No sé por qué —probablemente por un instinto pedagógico ignoto para mí—, me aferré a la instrucción militar.
(...) Después del trabajo, dedicábamos todos los días una o dos horas a esos ejercicios, en los que participaba
toda la colonia. (...) A los muchachos les gustaba mucho todo esto, y pronto tuvimos fusiles de verdad, porque
se nos aceptó con alegría en las filas de la instrucción militar general, ignorando artificialmente nuestro
tenebroso pasado de infractores de la ley. Durante la instrucción, yo era severo e inflexible como un auténtico
jefe; los muchachos aprobaban plenamente tal actitud. Así sentamos el comienzo del juego militar, que debería
ser más tarde uno de los motivos fundamentales de toda nuestra vida.

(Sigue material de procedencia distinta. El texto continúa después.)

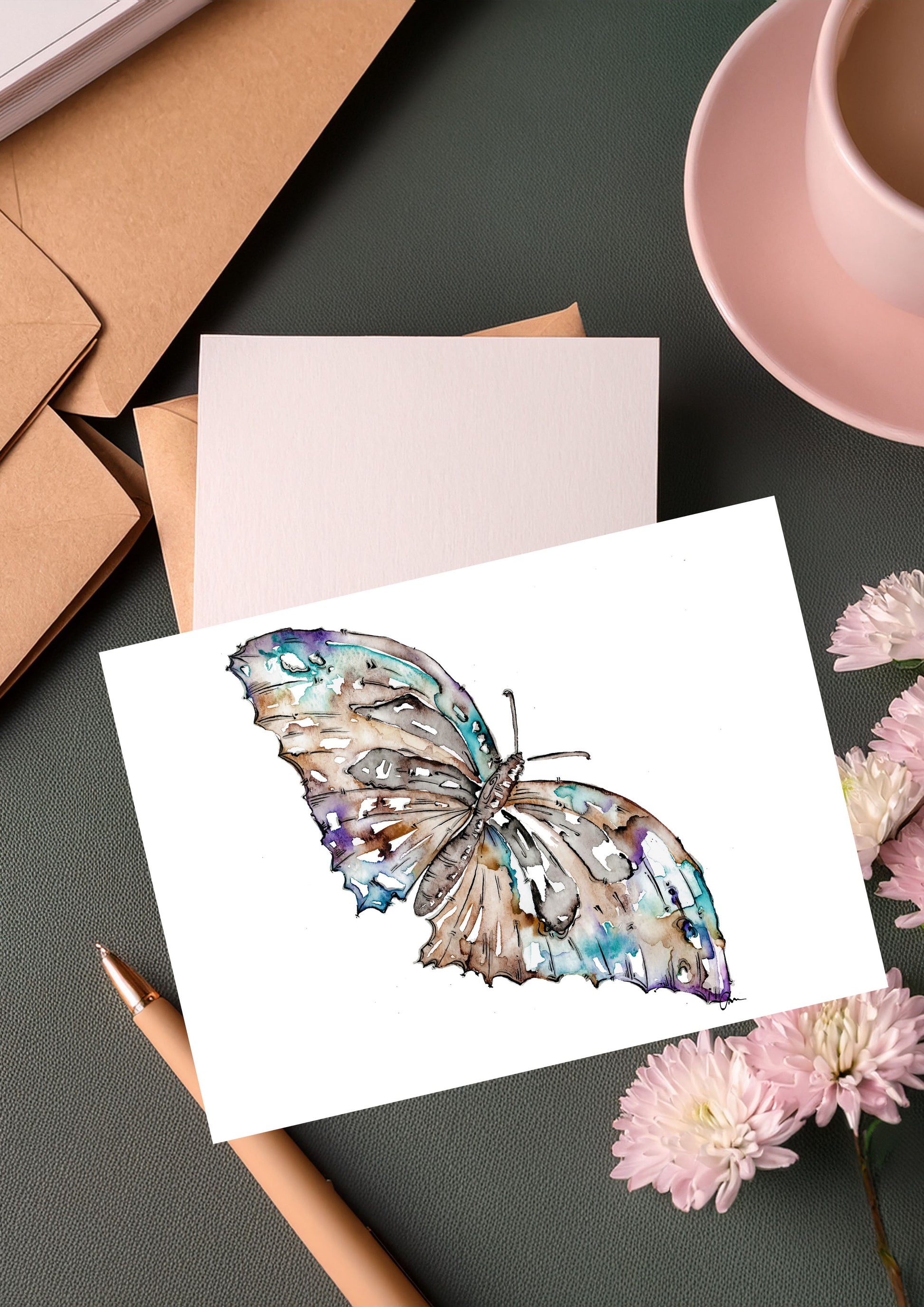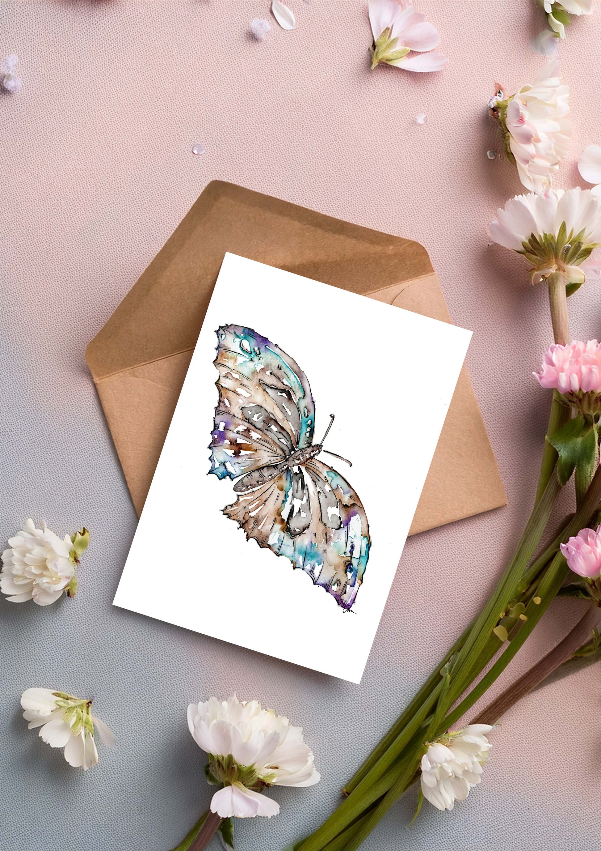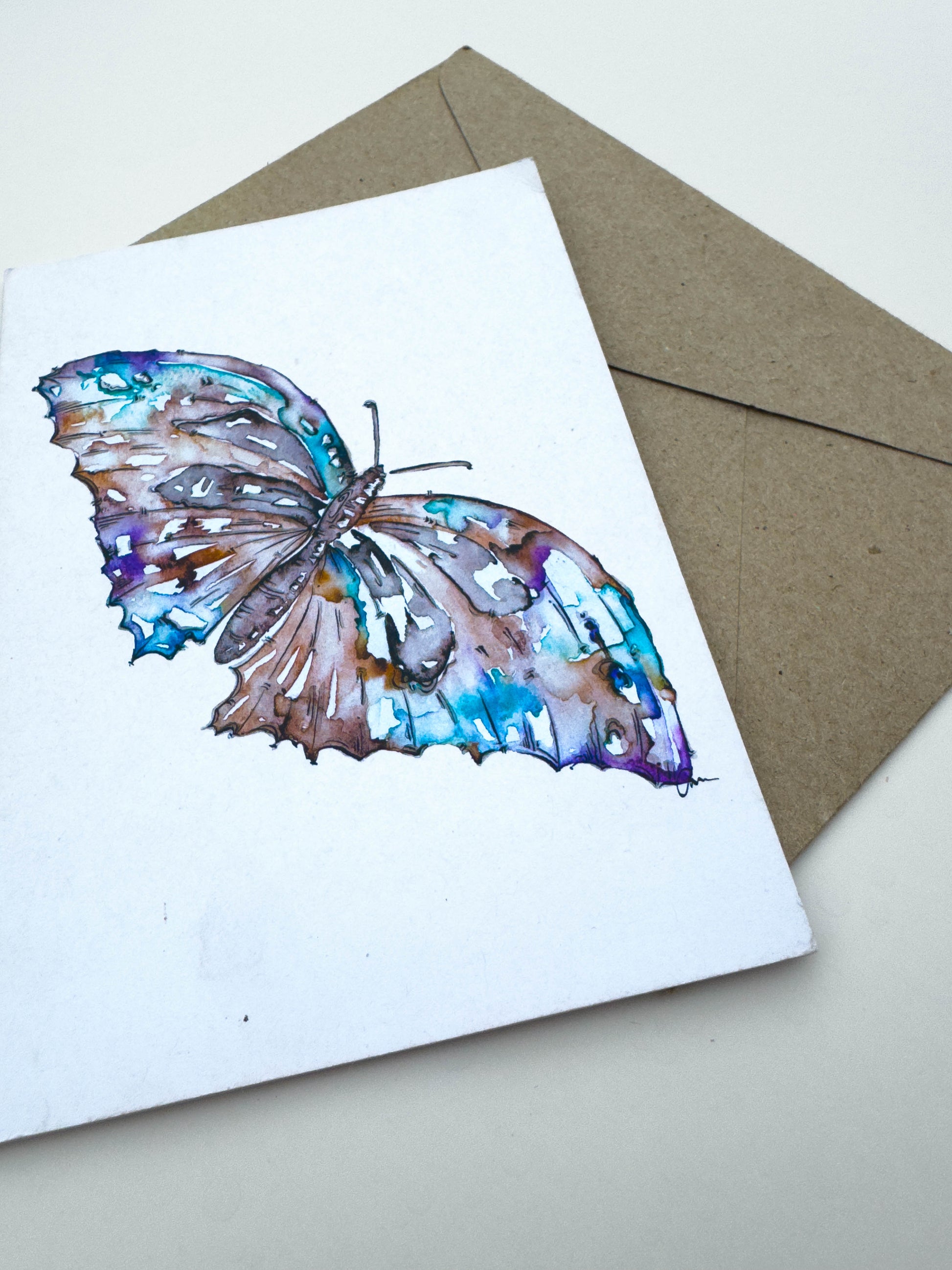 Butterfly Greeting Card – Watercolour & Ink Illustration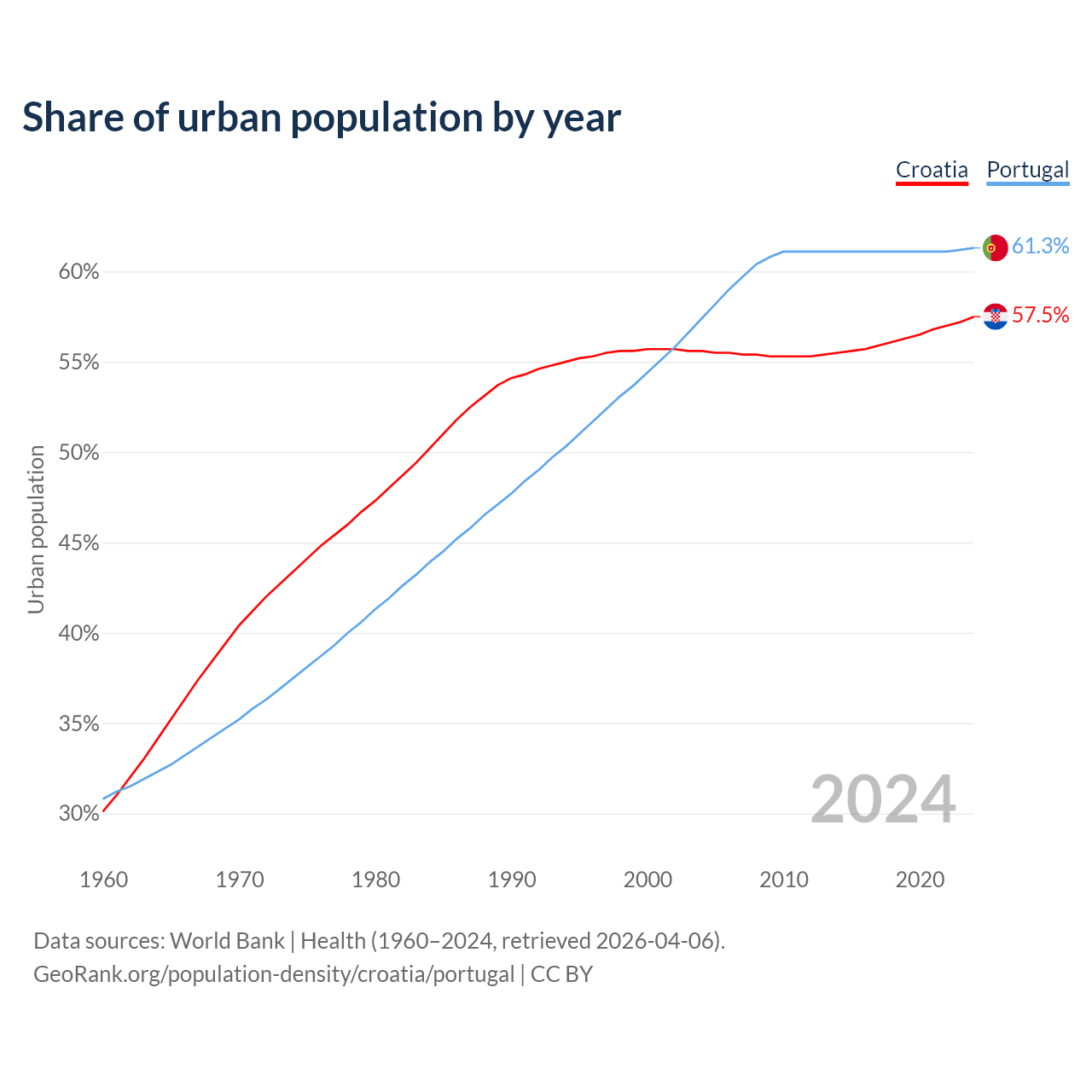 From 2004 to 2024, the share of urban population changed from 55.6% to 57.5% in Croatia and from 57.4% to 61.3% in Portugal.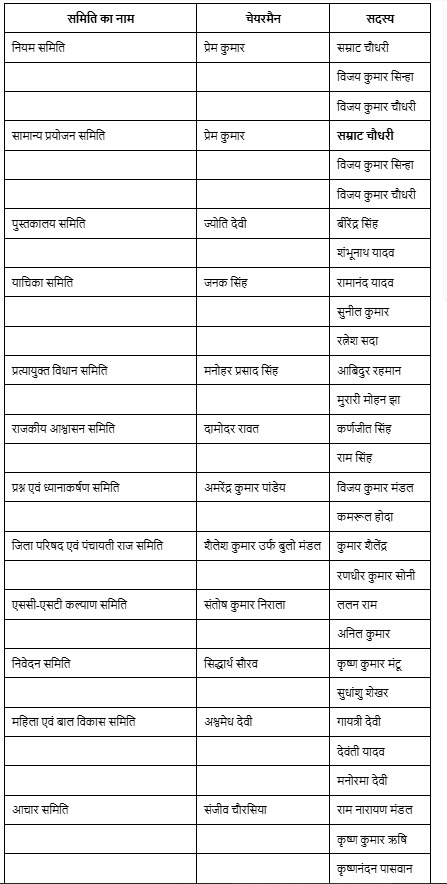 इन सभी समितियों का गठन वित्त वर्ष 2026-27 के लिए किया गया है, जिनका कार्यकाल 1 अप्रैल 2026 से 31 मार्च 2027 तक रहेगा। विधानसभा की नियम समिति के अध्यक्ष स्वयं स्पीकर प्रेम कुमार होंगे। इस समिति में उपमुख्यमंत्री सम्राट चौधरी, विजय कुमार सिन्हा और संसदीय कार्य मंत्री विजय कुमार चौधरी को सदस्य बनाया गया है।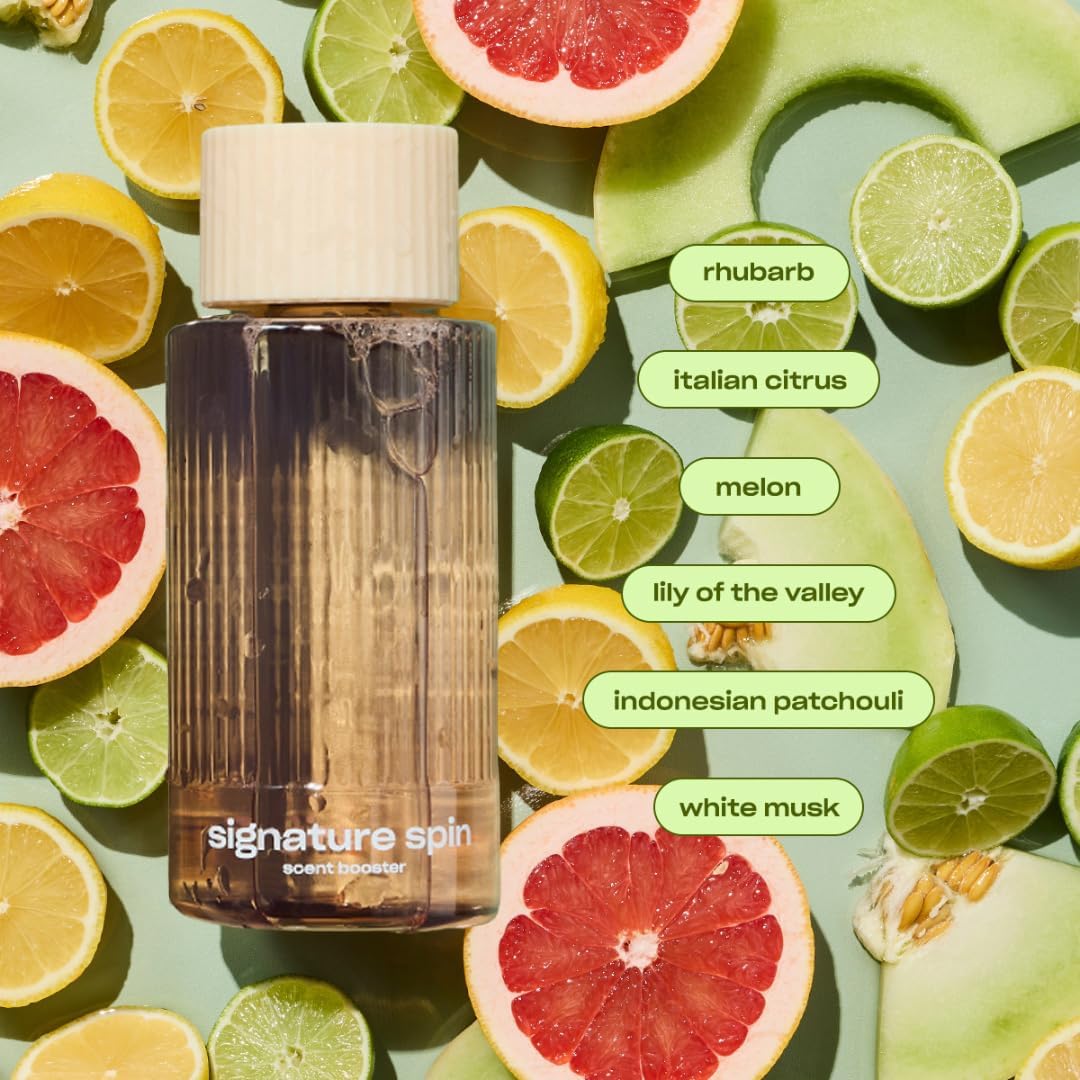 • SIGNATURE SPIN: A classic scent with modern cleaning power. The Everything Wash detergent removes dirt, stains, and odors, while the scent of Signature Spin keeps it fresh with dewy melon, zesty Italian citrus, tart rhubarb and classic white musk. Whether it’s a quick load or a heavy duty wash, this scent will make it feel timeless.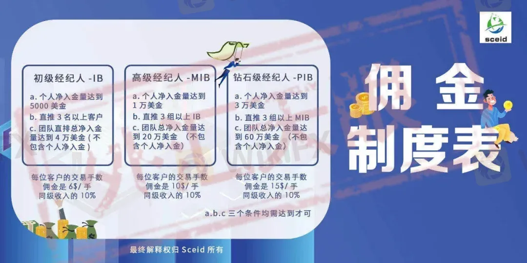 其中SCEID属于资金盘模式,在曝光的平台PPT中,其资金盘的特点显露无疑,该平台拥有详细的佣金制度表,丰厚的经纪人奖励制度也导致了SCEID的受害者剧增。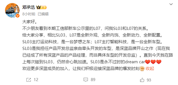 长安深蓝L07申报 CEO:并非深蓝SL03加长换新 是一台全新车型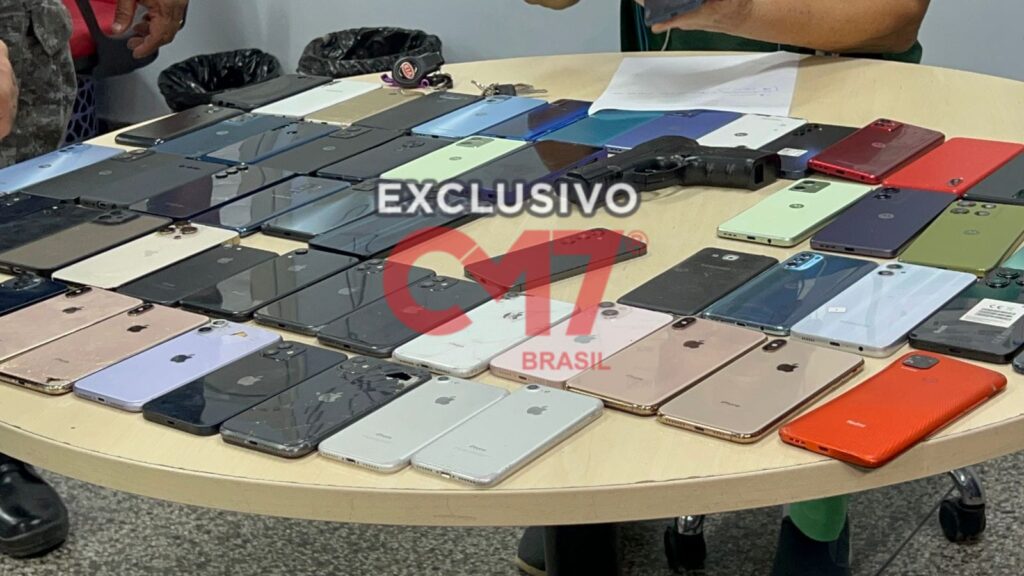 Durante a abordagem, os policiais apreenderam dois baldes cheios de celulares — ao todo, 62 aparelhos foram recuperados.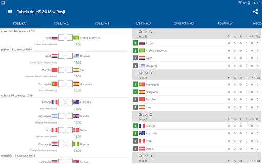 Aplikacja pomoże Ci szybko określić pozycję turniejową ulubionego zespołu podczas Mistrzostwa Świata w Piłce Nożnej 2018.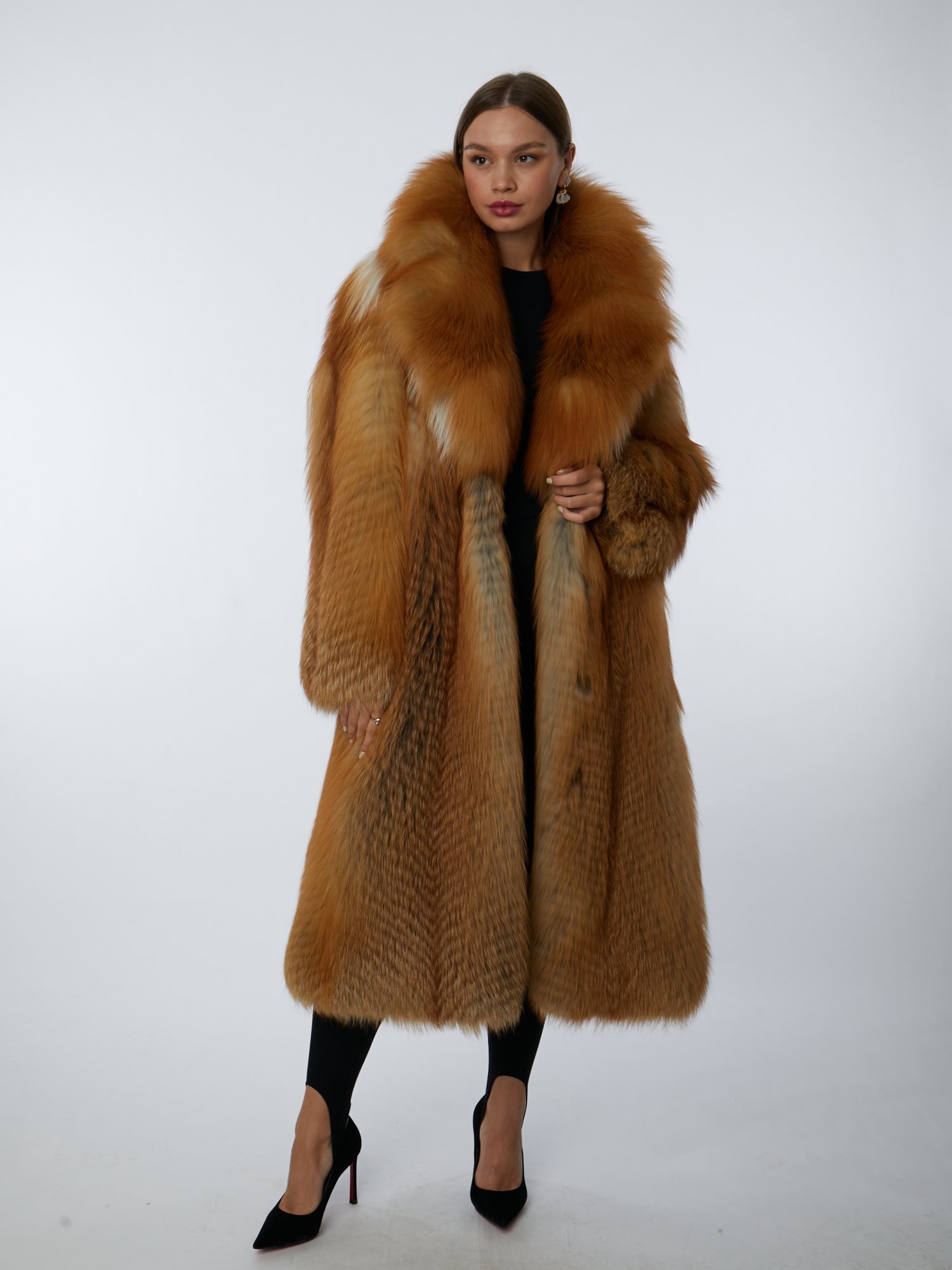 Длинная шуба из меха рыжей лисицы с английским воротником. Модель А-силуэта выполнена паркетной сборкой в росшив. Фронтальная застежка на шубные крючки. Втачные рукава и прорезные карманы с боковым входом.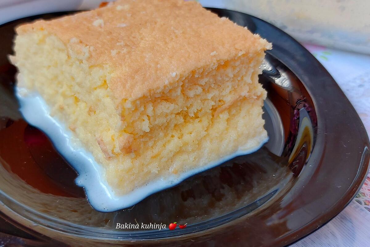 Umutiti jaja sa šećerom, dodavati griz i sve izjednačiti lagano mikserom. Pleh premazati uljem i posuti brašnom. Istresti testo u pleh i izravnati. Peći 20 minuta na 200 stepeni C

Yo observé ante todo, la influencia positiva que ejercía el porte militar. Cambió por completo el aspecto del
colono: se hizo más esbelto y más fino, dejó de recostarse en las mesas y en las paredes, podía mantenerse
libre y airoso sin necesidad de soportes. Ya los nuevos colonos empezaron a distinguirse notablemente de los
viejos. Hasta el propio andar de los muchachos se hizo más seguro y más flexible; ahora iban con la cabeza
erguida y empezaban ya a echar al olvido su costumbre de tener siempre metidas las manos en los bolsillos.
(...)
Por aquel tiempo, precisamente, fue introducida en la colonia la regla de responder a cada orden, en señal de
aquiescencia y de conformidad, con las palabras “a la orden”, contestación magnífica que se subrayaba con el
amplio saludo de los pioneros. (Libro primero, capítulo 23)

—A ti se te dirá: estás arrestado, y tú responderás: ¿Por qué? Yo no soy culpable.


—¿Y si, efectivamente, no soy culpable?
—¿Ves cómo no lo entiendes? Tú crees que el no ser culpable tiene una enorme importancia. Pero cuando
seas colono, entonces comprenderás otra cosa... ¿cómo explicártelo?... Comprenderás que lo importante es la
disciplina y que la cuestión de si eres o no culpable, no es, en realidad, un asunto de tanta importancia.